(Source data)
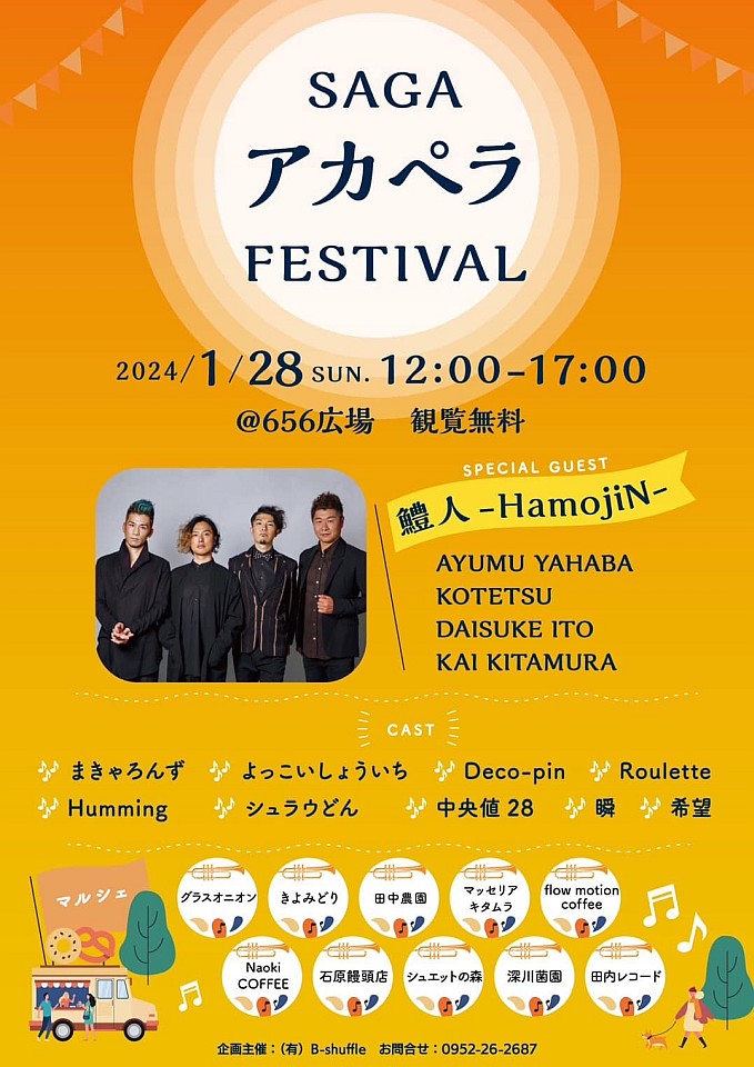 昨日は佐賀の街中、656広場であったア・カペラFESTIVALで、一日中楽しみました。地元ミュージシャン9組と鱧人(-HamojiN-)による、圧巻のアカペラ超人技には正直、驚き!
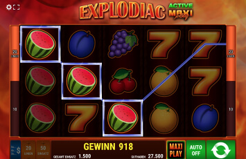 Explodiac ist ein spannender Früchte-Automat, bei dem insgesamt sieben verschiedene Gewinnsymbole über die fünf Walzen rotieren. Sechs verschiedene Früchte und die Sieben als Hauptgewinnsymbol kommen dabei sowohl einzeln als auch gestapelt vor und einen Gewinn erhalten Sie immer dann, wenn mindestens drei gleich Bilder auf einer der 10 Gewinnlinien von links nach rechts einlaufen. Als Einsatz können Sie dabei einen Betrag zwischen 10 Cent und 20 Euro wählen und Preise von bis zu 20.000 Euro pro Spiel gewinnen. Als Sondersymbol des Spielautomaten gibt es eine Bombe, die auf den ersten drei Walzen vorkommt und explodiert, sobald diese ins Gewinnbild einläuft. Durch die Explosion werden alle angrenzenden Symbole, maximal neun, zu Wilds und sorgen für tolle Gewinne. Nachdem Sie einen Preis erzielt haben, können Sie diesen auch beim Explodiac online Spielen bei einem der beiden Bally Wulff Risikospiele erneut aufs Spiel setzen.
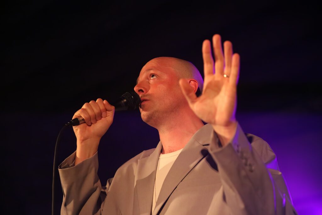 Uitgerekend op zijn lievelingsmoment van de dag, the twilight time (de zon gaat dan onder maar is nog niet helemaal onder), sprong Johannes het podium op en speelde zijn complete album.
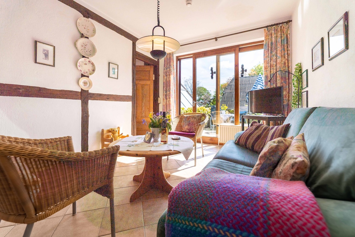 тихий маленький заміський будиночок з дуже ексклюзивним обладнанням за 1 км від Балтійського моря у Варнкенхагені, у великому квітковому фруктовому та овочевому саду . Від помешкання є доріжка до пляжу через поля та через невеликий зачарований ліс.
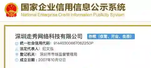 目前,在国家企业信用信息公示系统中,张文泓仍然是走秀网的法人、董事长和总经理。
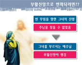 우리는 부활주일을 맞이하여 그 기쁨과 즐거움에 참여하는 예배를 드리고 있습니다. 이 사실은 우리의 신앙도 더 이상 무덤 속의 신앙이 아니라 희망적이고, 소망적인 부활 신앙이 되어야한다는 말입니다. 왜 그렇습니까? 예수님과 함께 십자가에 못 박혀 죽은 자아가 그리스도와 함께 부활하여 새 생명으로 사는 자들이 우리들이기 때문입니다. 이 자료는 사용자의 편의에 맞게 수정과 편집이 가능하므로 내용 및 순서편집을 직접 하실 수 있습니다. 전 내용은 100% 수정이 가능하므로 교회의 실정에 맞게 변경하여 사용하실 수 있습니다.
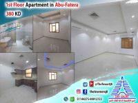 For rent in Abu Fatira, a first-floor apartment from a villa with front and back access, super deluxe finishing, 3 bedrooms (including a master bedroom and two bedrooms sharing a bathroom), a large living room, a maid's room with a bathroom, a fully equipped kitchen, and shaded parking. Rent is 380 KD. For inquiries.
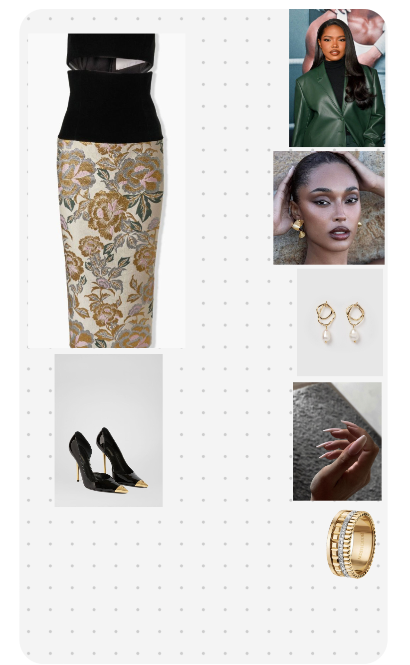 The black pointed-toe heels with gold accents further enhance the sophistication of the look. They are not only stylish but also elongate the leg line, adding height and grace. The choice of accessories, including the pearl drop earrings and gold ring, adds a touch of understated glamour without overwhelming the outfit. These accessories are wisely chosen to complement rather than compete with the bold print of the skirt.
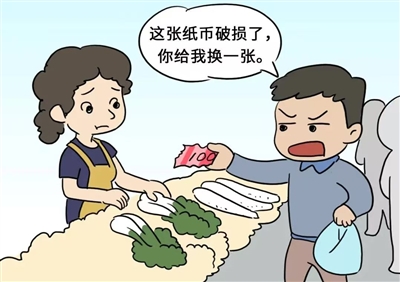 收到顾客的真钞后,变换手法,将事先撕角的假币与真币调包,然后以残币为由要求重新更换,趁机把假币退回给受害者。
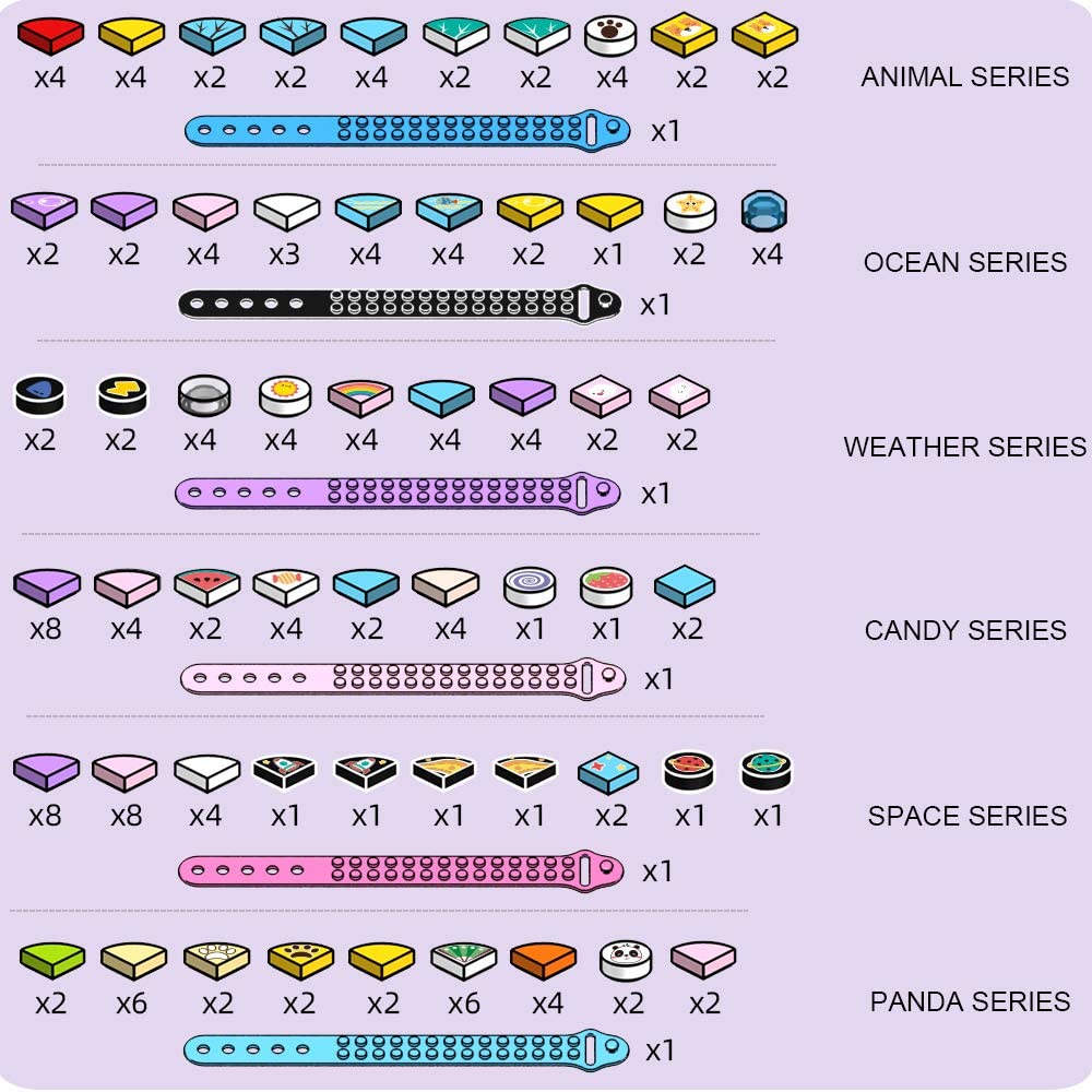 【Building Blocks Dots Bracelets Set】- Each Bracelet is Individual Package! SIENON Dots Bracelets Set includes 6 different series, cat animal, ocean, summer, grape fruit, circus and space theme, suitable for girls and boys age 6+. Each bracelet has 1pc flexible and adjustable silicone band and 23-24pcs colorful tiles, total 142pcs.
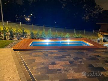 PISCINA ULTRA XTR FRAME RETTANGOLARE 549X274X132 CM, cod. 26356 - POMPA A SABBIA cod. 26644 1.1 - FLUSSO D'ACQUA da 4.500 L H - scaletta interna . Struttura di rivestimento in assi di legno , misura totale della struttura 6,4 x 3,4 circa. 6 faretti a led integrati. Cedo tutto in blocco con totale smontaggio e trasporto a cura dell’acquirente. Due lati su quattro presentano il rivestimento laterale. Quelli a vista. I due lati a contatto dei muri hanno solo i pali della struttura. Tutto perfettamente funzionante e in buono stato.
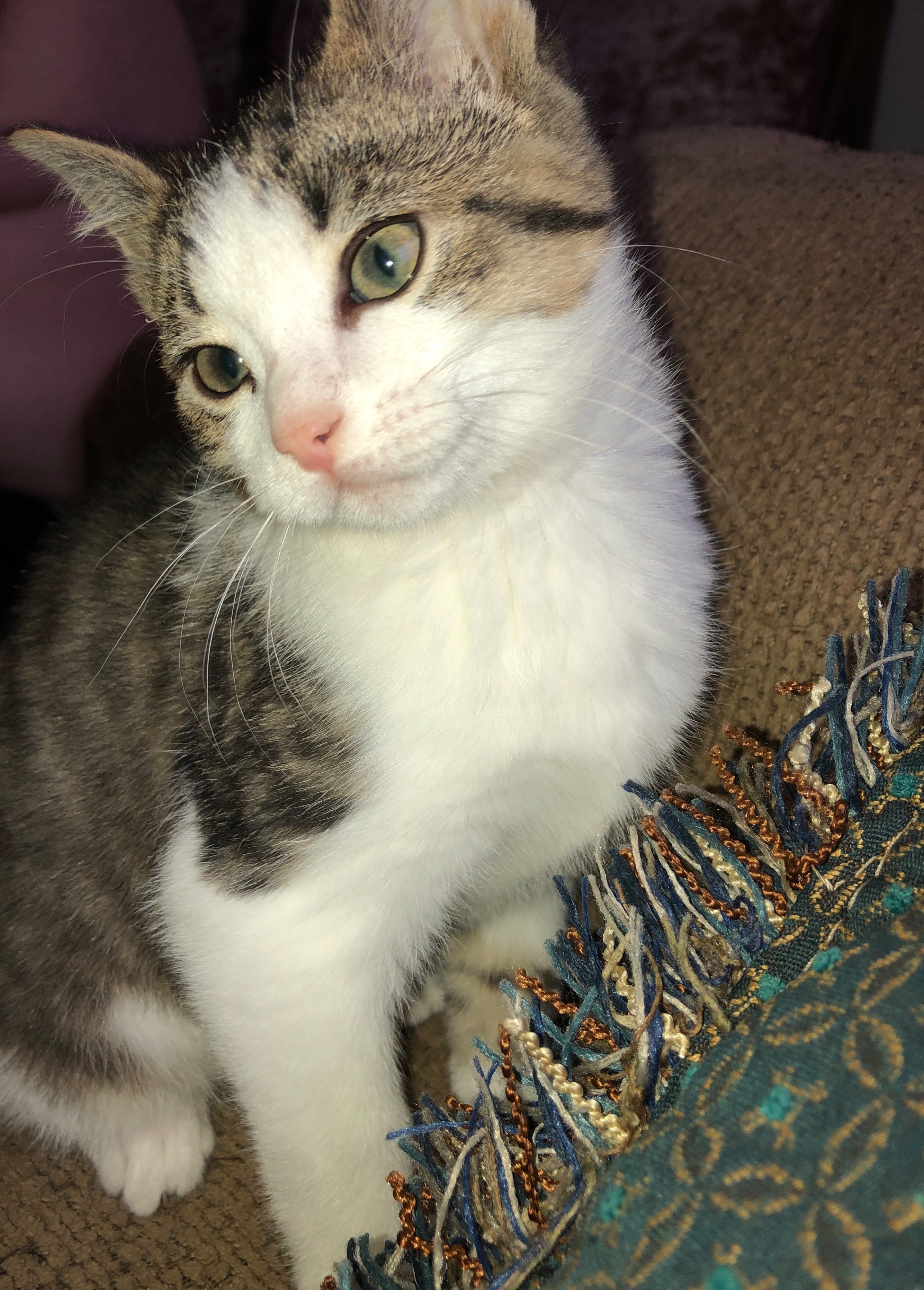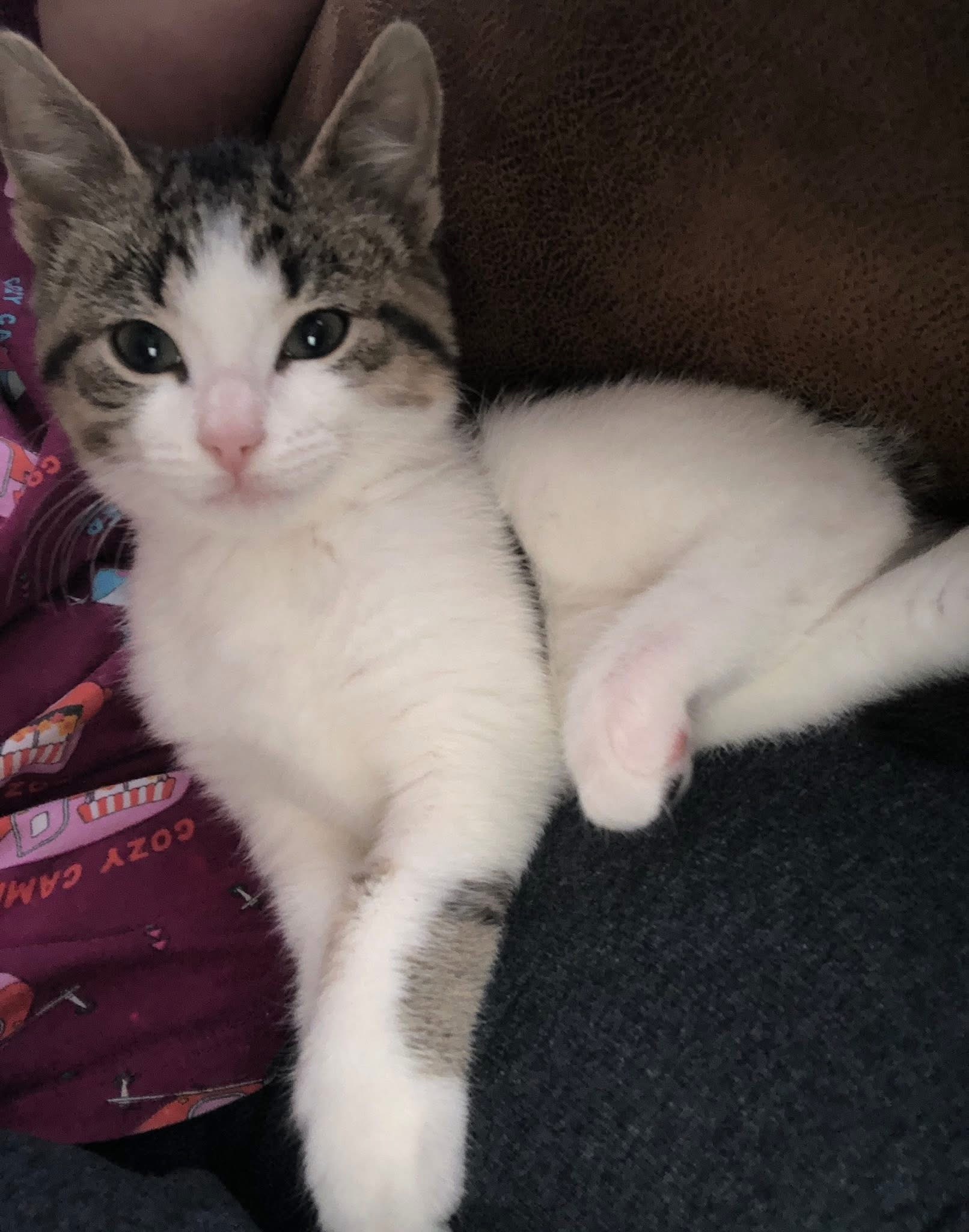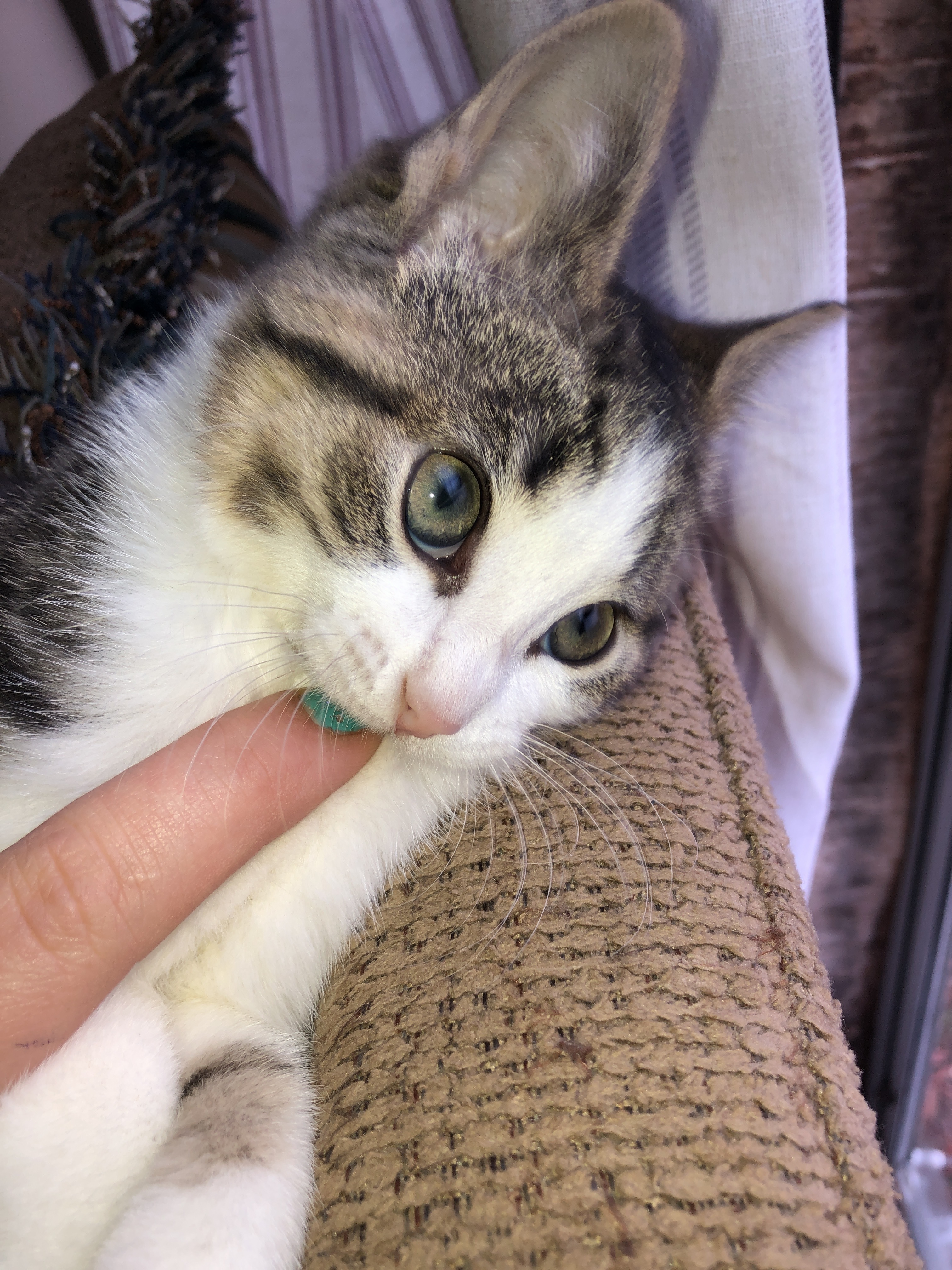 Amari is 5 months old she’s small and she is shy. She is black brown white and gray striped with a Snow White underbelly she’s got the cutest little pink nose and beautiful green hazel eyes. She is a rescue my husband and I found her in the back of our car one morning. After days of attempting to get her mother to come back we took over.. We bottle fed her we nursed her stimulated her provided her with warm and love and safety. Amari is like our child she is our child and I we just want her back.

### WORK TASK
Repeat every entry exactly, but leave out the pictures.

### WRITTEN SOLUTION
 昨日は佐賀の街中、656広場であったア・カペラFESTIVALで、一日中楽しみました。地元ミュージシャン9組と鱧人(-HamojiN-)による、圧巻のアカペラ超人技には正直、驚き!
 Explodiac ist ein spannender Früchte-Automat, bei dem insgesamt sieben verschiedene Gewinnsymbole über die fünf Walzen rotieren. Sechs verschiedene Früchte und die Sieben als Hauptgewinnsymbol kommen dabei sowohl einzeln als auch gestapelt vor und einen Gewinn erhalten Sie immer dann, wenn mindestens drei gleich Bilder auf einer der 10 Gewinnlinien von links nach rechts einlaufen. Als Einsatz können Sie dabei einen Betrag zwischen 10 Cent und 20 Euro wählen und Preise von bis zu 20.000 Euro pro Spiel gewinnen. Als Sondersymbol des Spielautomaten gibt es eine Bombe, die auf den ersten drei Walzen vorkommt und explodiert, sobald diese ins Gewinnbild einläuft. Durch die Explosion werden alle angrenzenden Symbole, maximal neun, zu Wilds und sorgen für tolle Gewinne. Nachdem Sie einen Preis erzielt haben, können Sie diesen auch beim Explodiac online Spielen bei einem der beiden Bally Wulff Risikospiele erneut aufs Spiel setzen.
 Uitgerekend op zijn lievelingsmoment van de dag, the twilight time (de zon gaat dan onder maar is nog niet helemaal onder), sprong Johannes het podium op en speelde zijn complete album.
 тихий маленький заміський будиночок з дуже ексклюзивним обладнанням за 1 км від Балтійського моря у Варнкенхагені, у великому квітковому фруктовому та овочевому саду . Від помешкання є доріжка до пляжу через поля та через невеликий зачарований ліс.
 目前,在国家企业信用信息公示系统中,张文泓仍然是走秀网的法人、董事长和总经理。
 우리는 부활주일을 맞이하여 그 기쁨과 즐거움에 참여하는 예배를 드리고 있습니다. 이 사실은 우리의 신앙도 더 이상 무덤 속의 신앙이 아니라 희망적이고, 소망적인 부활 신앙이 되어야한다는 말입니다. 왜 그렇습니까? 예수님과 함께 십자가에 못 박혀 죽은 자아가 그리스도와 함께 부활하여 새 생명으로 사는 자들이 우리들이기 때문입니다. 이 자료는 사용자의 편의에 맞게 수정과 편집이 가능하므로 내용 및 순서편집을 직접 하실 수 있습니다. 전 내용은 100% 수정이 가능하므로 교회의 실정에 맞게 변경하여 사용하실 수 있습니다.
 For rent in Abu Fatira, a first-floor apartment from a villa with front and back access, super deluxe finishing, 3 bedrooms (including a master bedroom and two bedrooms sharing a bathroom), a large living room, a maid's room with a bathroom, a fully equipped kitchen, and shaded parking. Rent is 380 KD. For inquiries.
 The black pointed-toe heels with gold accents further enhance the sophistication of the look. They are not only stylish but also elongate the leg line, adding height and grace. The choice of accessories, including the pearl drop earrings and gold ring, adds a touch of understated glamour without overwhelming the outfit. These accessories are wisely chosen to complement rather than compete with the bold print of the skirt.
 收到顾客的真钞后,变换手法,将事先撕角的假币与真币调包,然后以残币为由要求重新更换,趁机把假币退回给受害者。
 【Building Blocks Dots Bracelets Set】- Each Bracelet is Individual Package! SIENON Dots Bracelets Set includes 6 different series, cat animal, ocean, summer, grape fruit, circus and space theme, suitable for girls and boys age 6+. Each bracelet has 1pc flexible and adjustable silicone band and 23-24pcs colorful tiles, total 142pcs.
 PISCINA ULTRA XTR FRAME RETTANGOLARE 549X274X132 CM, cod. 26356 - POMPA A SABBIA cod. 26644 1.1 - FLUSSO D'ACQUA da 4.500 L H - scaletta interna . Struttura di rivestimento in assi di legno , misura totale della struttura 6,4 x 3,4 circa. 6 faretti a led integrati. Cedo tutto in blocco con totale smontaggio e trasporto a cura dell’acquirente. Due lati su quattro presentano il rivestimento laterale. Quelli a vista. I due lati a contatto dei muri hanno solo i pali della struttura. Tutto perfettamente funzionante e in buono stato.
 Amari is 5 months old she’s small and she is shy. She is black brown white and gray striped with a Snow White underbelly she’s got the cutest little pink nose and beautiful green hazel eyes. She is a rescue my husband and I found her in the back of our car one morning. After days of attempting to get her mother to come back we took over.. We bottle fed her we nursed her stimulated her provided her with warm and love and safety. Amari is like our child she is our child and I we just want her back.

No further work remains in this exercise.